Raw data:
┌──
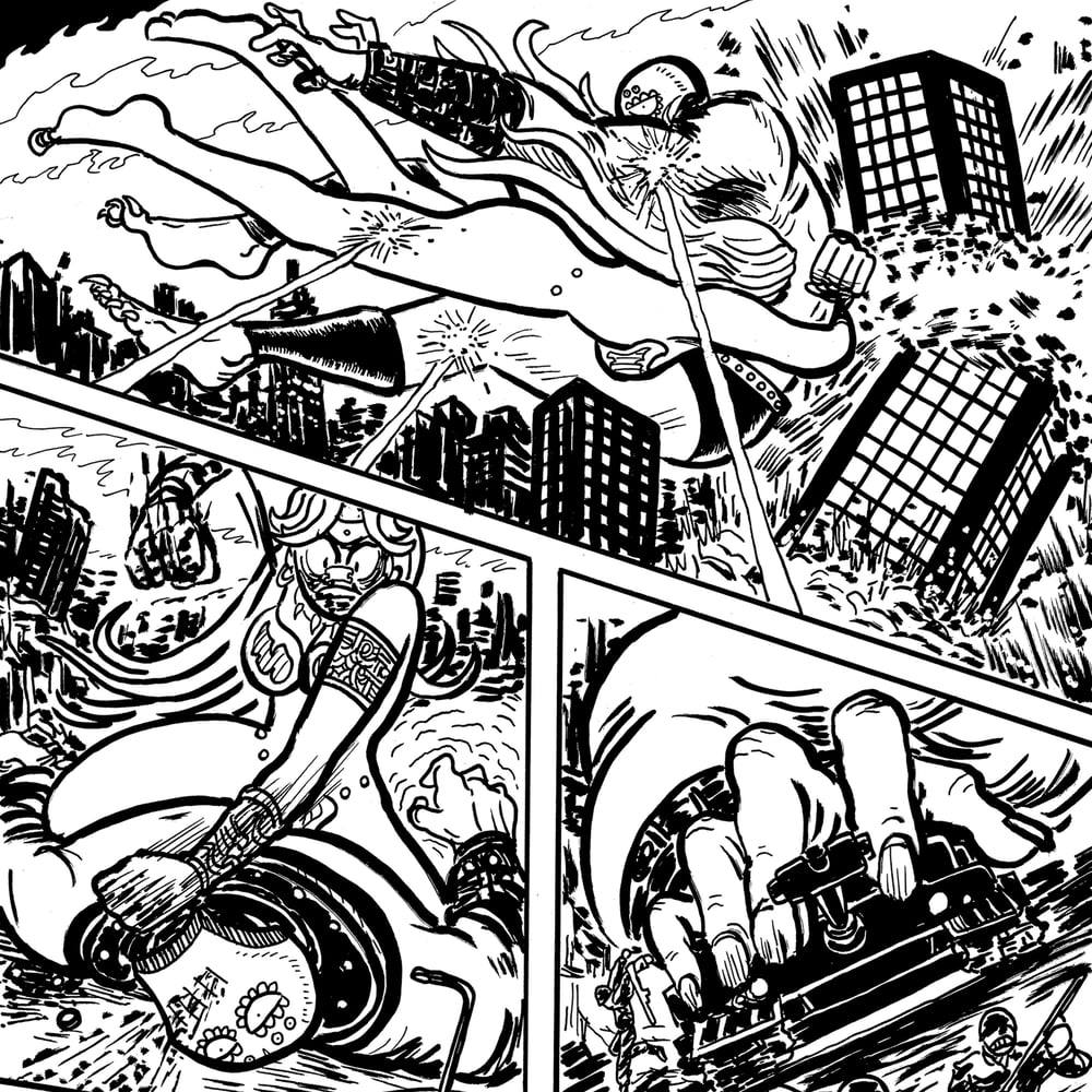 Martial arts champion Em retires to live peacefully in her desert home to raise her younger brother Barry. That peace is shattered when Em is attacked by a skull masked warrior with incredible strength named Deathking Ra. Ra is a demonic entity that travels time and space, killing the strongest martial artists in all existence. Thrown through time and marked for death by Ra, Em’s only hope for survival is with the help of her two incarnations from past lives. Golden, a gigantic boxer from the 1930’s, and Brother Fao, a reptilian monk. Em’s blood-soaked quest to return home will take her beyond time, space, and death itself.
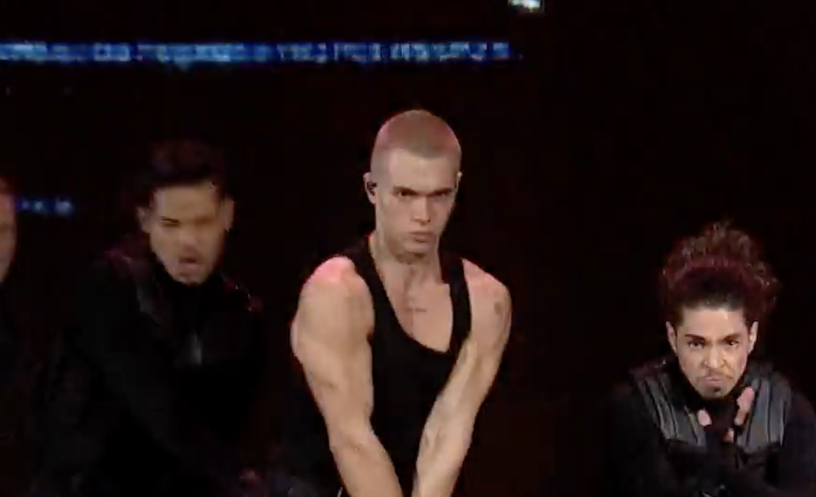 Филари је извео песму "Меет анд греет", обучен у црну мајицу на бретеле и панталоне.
└──
┌──
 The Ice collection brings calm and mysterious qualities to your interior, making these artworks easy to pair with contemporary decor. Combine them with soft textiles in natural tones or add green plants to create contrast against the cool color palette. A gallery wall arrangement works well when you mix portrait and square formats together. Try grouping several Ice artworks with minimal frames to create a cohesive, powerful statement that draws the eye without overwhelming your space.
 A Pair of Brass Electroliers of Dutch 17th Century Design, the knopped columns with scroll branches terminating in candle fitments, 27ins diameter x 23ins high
└──
Task objective: Set down word for word the lines above from the one with "Martial arts champion" up to and including the one with "Филари је извео". Omit every picture.

Response to this exercise:
 Martial arts champion Em retires to live peacefully in her desert home to raise her younger brother Barry. That peace is shattered when Em is attacked by a skull masked warrior with incredible strength named Deathking Ra. Ra is a demonic entity that travels time and space, killing the strongest martial artists in all existence. Thrown through time and marked for death by Ra, Em’s only hope for survival is with the help of her two incarnations from past lives. Golden, a gigantic boxer from the 1930’s, and Brother Fao, a reptilian monk. Em’s blood-soaked quest to return home will take her beyond time, space, and death itself.
 Филари је извео песму "Меет анд греет", обучен у црну мајицу на бретеле и панталоне.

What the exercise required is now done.